The story of the Eastern Conference Finals, from Cleveland's perspective, is twofold: (1) several players who performed at a high level during the regular season and in the first two rounds of the playoffs did not play well versus Orlando; (2) the Cavs regularly built big early leads only to squander them quickly and then execute poorly down the stretch once the score became close and either team had the opportunity to win. During the offseason, the Cavs' brain trust must figure out why so many players simultaneously regressed during this series and why a team that typically executed very well during the season repeatedly executed very poorly in critical late game situations. To put it bluntly, anyone who is either calling for Coach Mike Brown's head or suggesting that James' entire supporting cast must be replaced is an idiot: Brown's strategies have transformed the Cavs into one of the league's best defensive teams and have already resulted in one NBA Finals appearance and two trips to the Eastern Conference Finals in four years. Brown has won at least 50 regular season games in three of those seasons and his career playoff record of 36-24 is outstanding.
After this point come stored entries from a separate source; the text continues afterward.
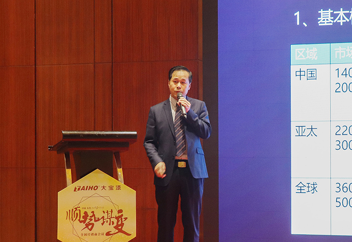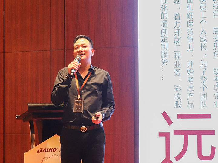 隨后,家裝事業(yè)部經(jīng)理黃文敏作家裝漆總結(jié)報(bào)告。他通過成功經(jīng)營(yíng)案例、大寶漆2019年市場(chǎng)布局為經(jīng)銷商加油打氣。他指出,公司將通過內(nèi)部整合、外部資源運(yùn)用,和經(jīng)銷商協(xié)同謀贏,再創(chuàng)佳績(jī)。
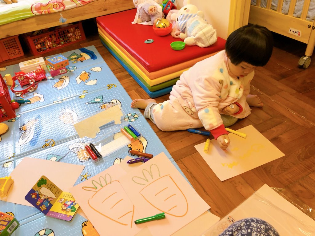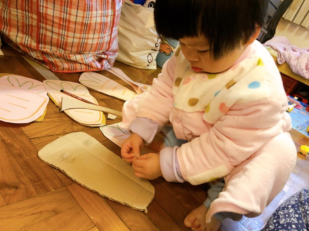因為武漢肺炎關係要減少出街,所以以上材料都係喺屋企搵。預備過程好簡單,首先同Elly親子畫畫,然後由我剪出籮蔔,跟著再親子貼貼,完成!
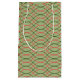 This gift bag has a Boho design of green and orange waves on a field of light green.
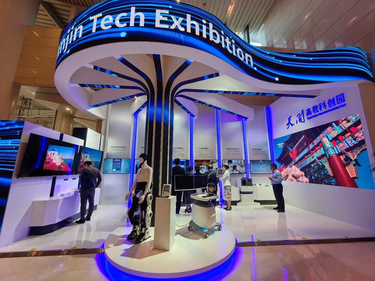 展台中,天津大学神工·全球首款人工神经康复机器人系统格外醒目。天津大学神经工程团队依据神经可塑性机制,面向肢体运动功能障碍患者,研发了基于脑机接口技术的“神工”康复机器人。该系统可精确解码患者运动意图,并传输给外部反馈设备,从而形成脑-机-体的闭环通路,有效解决了传统康复中主动性较差,治疗周期长等问题。目前,该系统多项成果已在多家医院开展临床研究,效果显著。脑机助行系统,世界首款神经调控式机械外骨骼系统,用于下肢运动功能障碍患者的神经功能康复。国内首款抑郁症智能诊断机器人“神工-神心” 通过解码脑活动,可实现对抑郁症的定量评估。国产采集芯片“脑语者”是世界首款脑机接口专用编解码芯片,实现精解码、高指令、快通讯、强交互,拥有完全自主的知识产权;脑控微信操作系统,面向严重手功能障碍患者,可实现微信全功能使用。
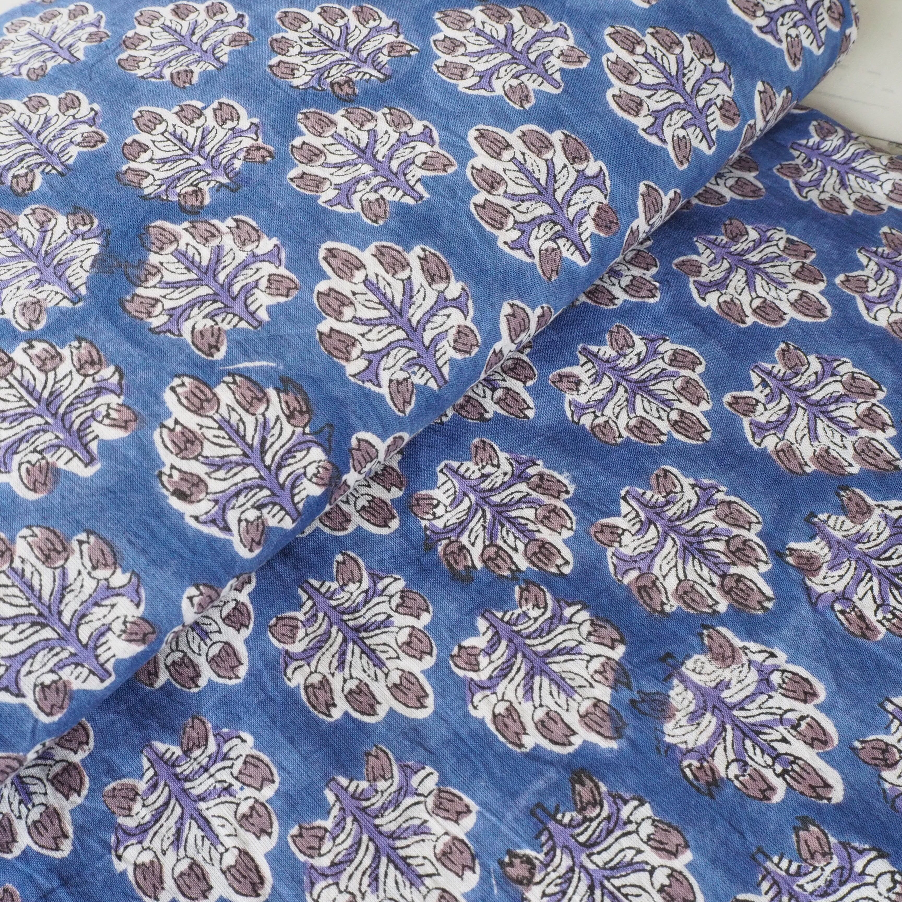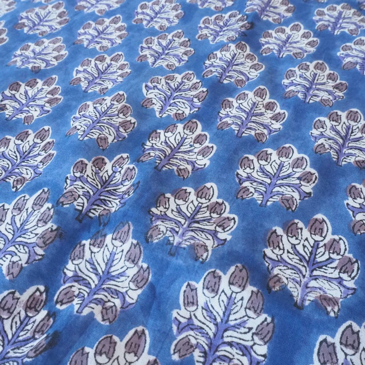 ブロックプリント生地【50cm単位】インド綿 小花柄 青×パープルグレー×白 #11911-BL1
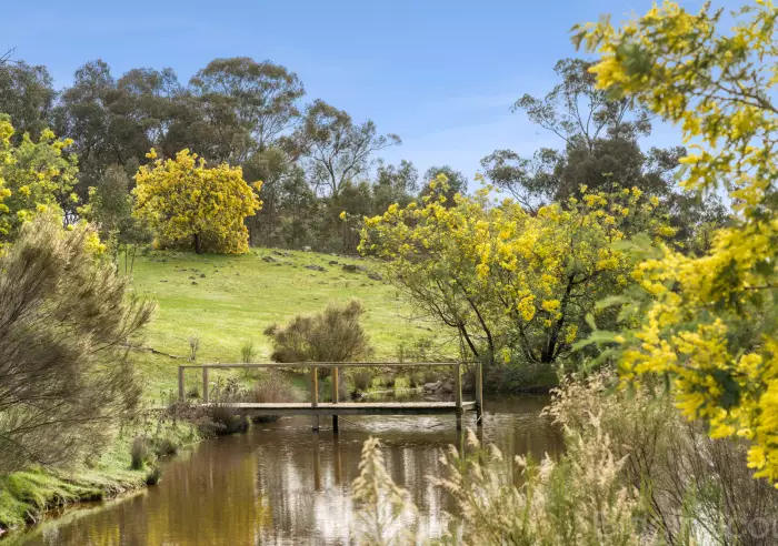 - Two beautiful dams framed by flowering wattles and timber jetties, enhancing the natural landscape and providing water security
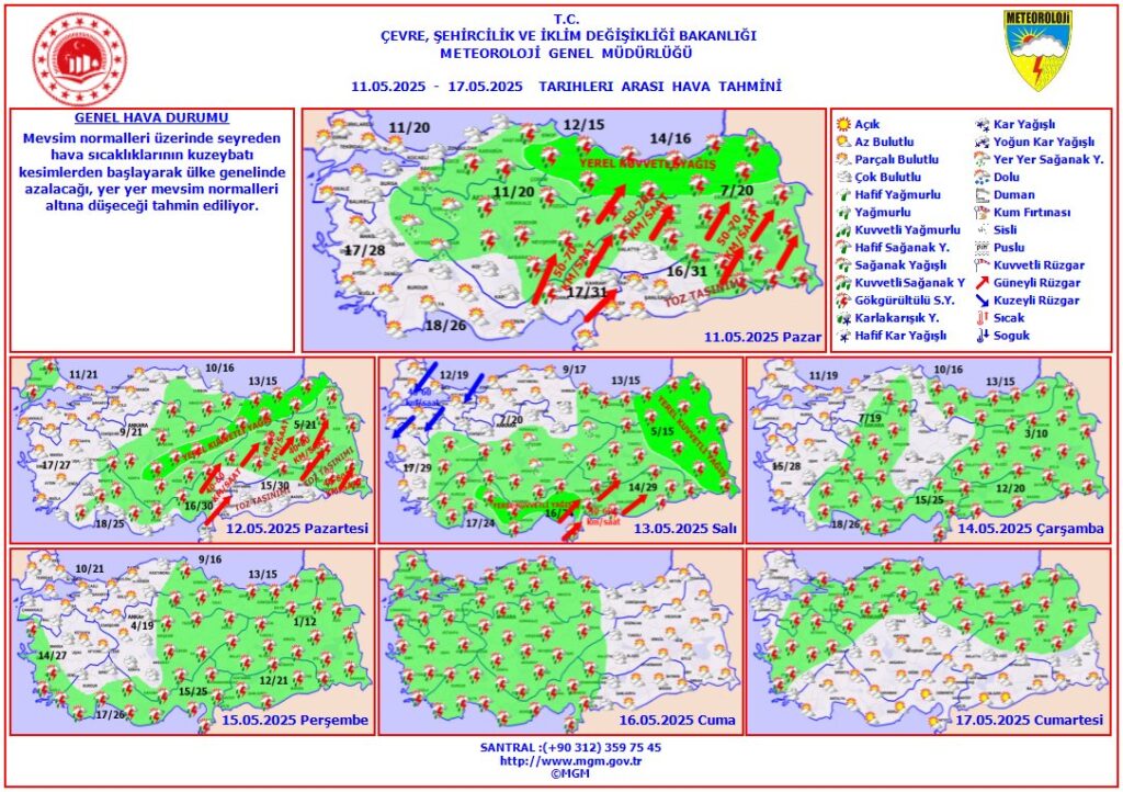 Meteoroloji Genel Müdürlüğü’nün 11-17 Mayıs 2025 haftasına ilişkin tahminlerine göre, haftaya sağanak yağışlarla başlanacak, hafta ortasından itibaren hava açacak. Kuzeybatıdan başlayarak hava sıcaklıkları ülke genelinde düşecek, ancak hafta sonuna doğru tekrar yükselişe geçmesi bekleniyor. Özellikle Karadeniz ve doğu bölgelerinde yerel kuvvetli yağışlara karşı dikkatli olunmalı.
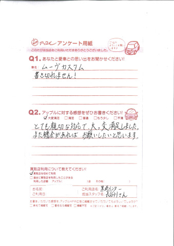 お車のご相談・ 査定だけでもOK! カンタン 入力 30秒 アップルがブランド買取始めました! お電話でも受付中! 受付時間10:00 ~ 18:30 0120-556-522 お車のご相談・ 査定だけでもOK! カンタン 入力 30秒 アップルがブランド買取始めました! お電話でも受付中! 受付時間10:00 ~ 18:30 0120-556-522 アップルがブランド買取始めました! お電話でも受付中! 受付時間10:00 ~ 18:30 0120-556-522 店舗情報 在庫車 スタッフ紹介 ブログ お客様の声 キャンペーン お得 無料査定 click お客様の声 ご記入日: 2014/02/14 S様 とても親切な対応で大っ変満足しました。また機会があればお願いしたいと思います。 前へ 次へ お客様の声一覧を見る
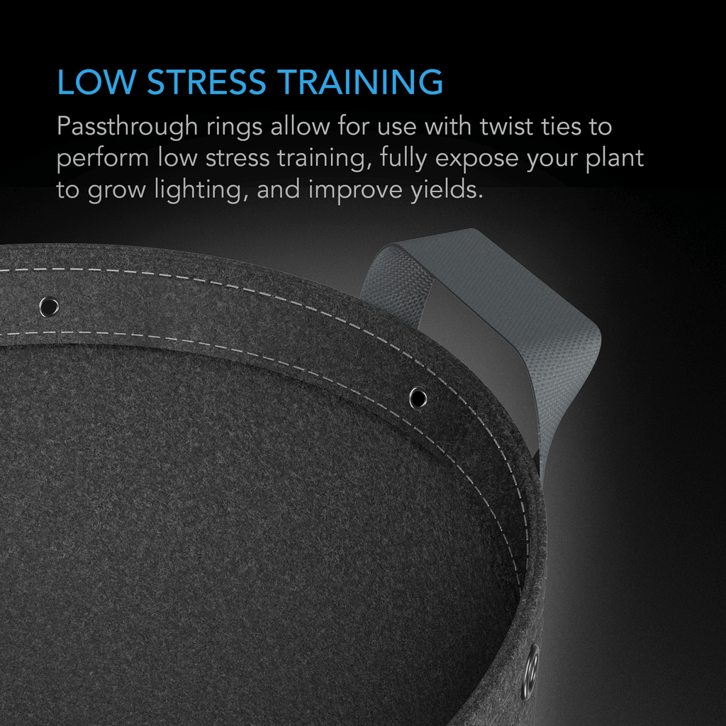 Applications: The bags' sturdy handles facilitate uncomplicated transportation, while their inbuilt metal rings enable plant hanging. The twist ties create a route for low-stress training. The heavy-duty, rugged construction withstands wear and tear and is machine washable for repeated use. Each planter accommodates a comparatively larger soil volume when filled up to the dual stitch line, offering plants more root space to thrive in.

LeBron James did not shake hands with the Magic players after the game, which obviously is a departure from normal protocol; Isiah Thomas and the Bad Boys Pistons are still remembered--and not fondly--for snubbing the Chicago Bulls in a similar fashion after losing to the Bulls in the 1991 playoffs and Thomas later said that what he did was wrong and he told his son not to follow that example. It will be interesting to see if James eventually apologizes for this and it will also be interesting to see what kind of spin the national media puts on James' actions.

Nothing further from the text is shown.